Where the lines below hold images, skip those and copy every word exactly.

Start of Block

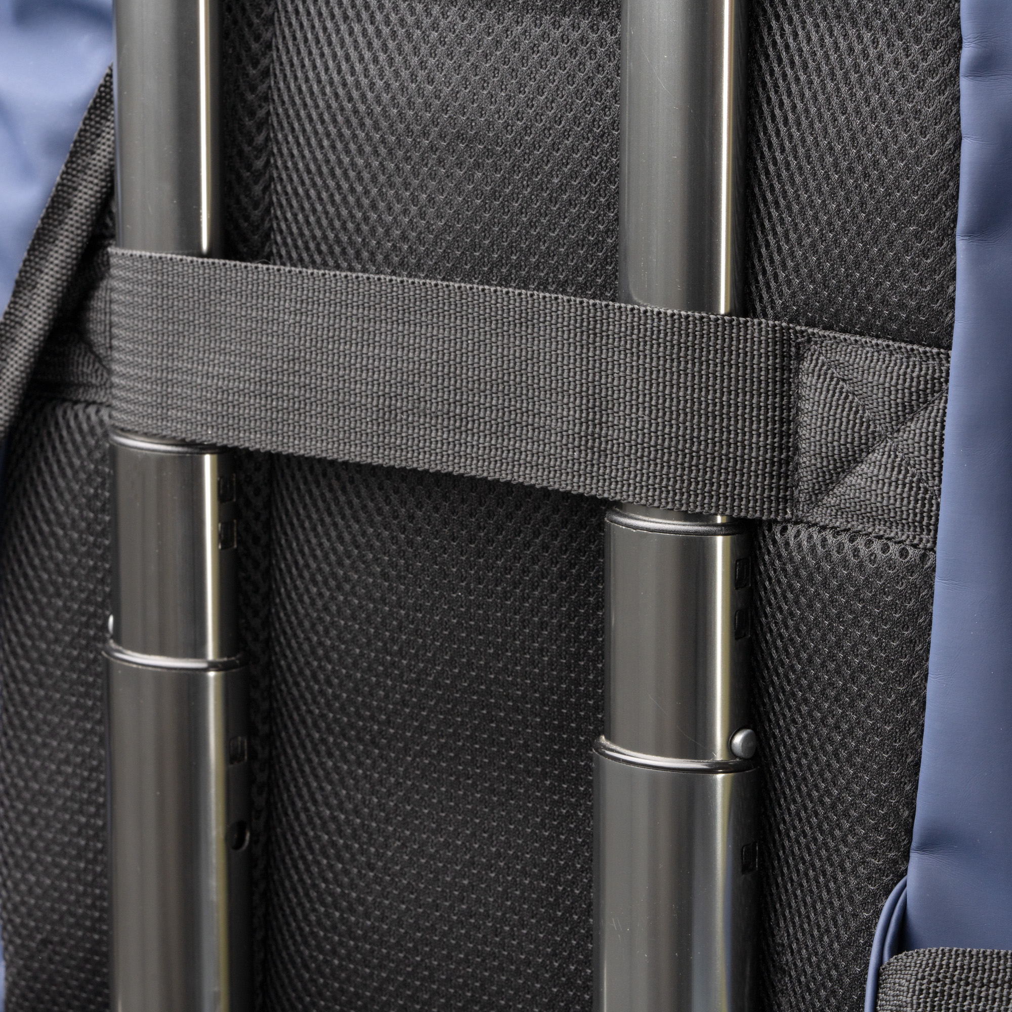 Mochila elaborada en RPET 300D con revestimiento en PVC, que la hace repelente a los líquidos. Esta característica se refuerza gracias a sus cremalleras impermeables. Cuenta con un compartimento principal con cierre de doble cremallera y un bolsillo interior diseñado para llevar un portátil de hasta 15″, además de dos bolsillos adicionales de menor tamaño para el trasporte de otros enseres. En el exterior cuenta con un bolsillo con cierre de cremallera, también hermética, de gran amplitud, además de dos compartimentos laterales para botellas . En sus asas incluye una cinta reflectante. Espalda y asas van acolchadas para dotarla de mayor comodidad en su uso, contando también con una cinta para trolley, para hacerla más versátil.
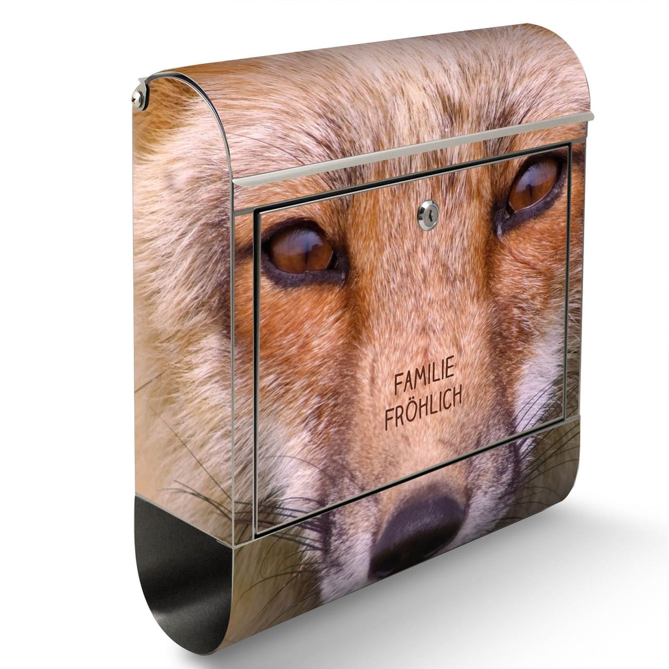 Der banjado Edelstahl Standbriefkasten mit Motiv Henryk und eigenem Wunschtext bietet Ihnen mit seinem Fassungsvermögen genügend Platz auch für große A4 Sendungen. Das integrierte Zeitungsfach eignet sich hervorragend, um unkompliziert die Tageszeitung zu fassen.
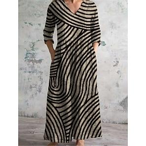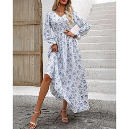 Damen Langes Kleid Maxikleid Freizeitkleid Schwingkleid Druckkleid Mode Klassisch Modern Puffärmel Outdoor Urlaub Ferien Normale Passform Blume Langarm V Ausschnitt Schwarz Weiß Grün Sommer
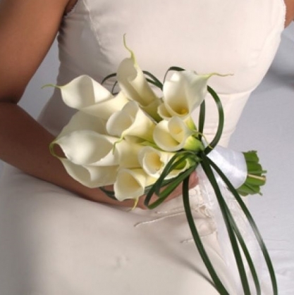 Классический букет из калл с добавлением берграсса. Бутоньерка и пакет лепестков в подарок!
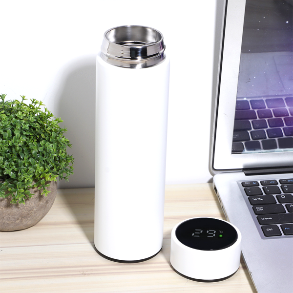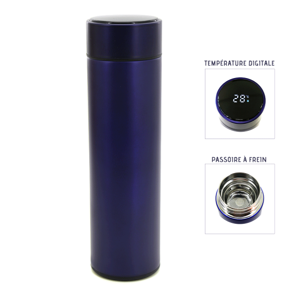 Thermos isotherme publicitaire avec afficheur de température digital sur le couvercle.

End of Block

### [Exercise result]
 Mochila elaborada en RPET 300D con revestimiento en PVC, que la hace repelente a los líquidos. Esta característica se refuerza gracias a sus cremalleras impermeables. Cuenta con un compartimento principal con cierre de doble cremallera y un bolsillo interior diseñado para llevar un portátil de hasta 15″, además de dos bolsillos adicionales de menor tamaño para el trasporte de otros enseres. En el exterior cuenta con un bolsillo con cierre de cremallera, también hermética, de gran amplitud, además de dos compartimentos laterales para botellas . En sus asas incluye una cinta reflectante. Espalda y asas van acolchadas para dotarla de mayor comodidad en su uso, contando también con una cinta para trolley, para hacerla más versátil.
 Der banjado Edelstahl Standbriefkasten mit Motiv Henryk und eigenem Wunschtext bietet Ihnen mit seinem Fassungsvermögen genügend Platz auch für große A4 Sendungen. Das integrierte Zeitungsfach eignet sich hervorragend, um unkompliziert die Tageszeitung zu fassen.
 Damen Langes Kleid Maxikleid Freizeitkleid Schwingkleid Druckkleid Mode Klassisch Modern Puffärmel Outdoor Urlaub Ferien Normale Passform Blume Langarm V Ausschnitt Schwarz Weiß Grün Sommer
 Классический букет из калл с добавлением берграсса. Бутоньерка и пакет лепестков в подарок!
 Thermos isotherme publicitaire avec afficheur de température digital sur le couvercle.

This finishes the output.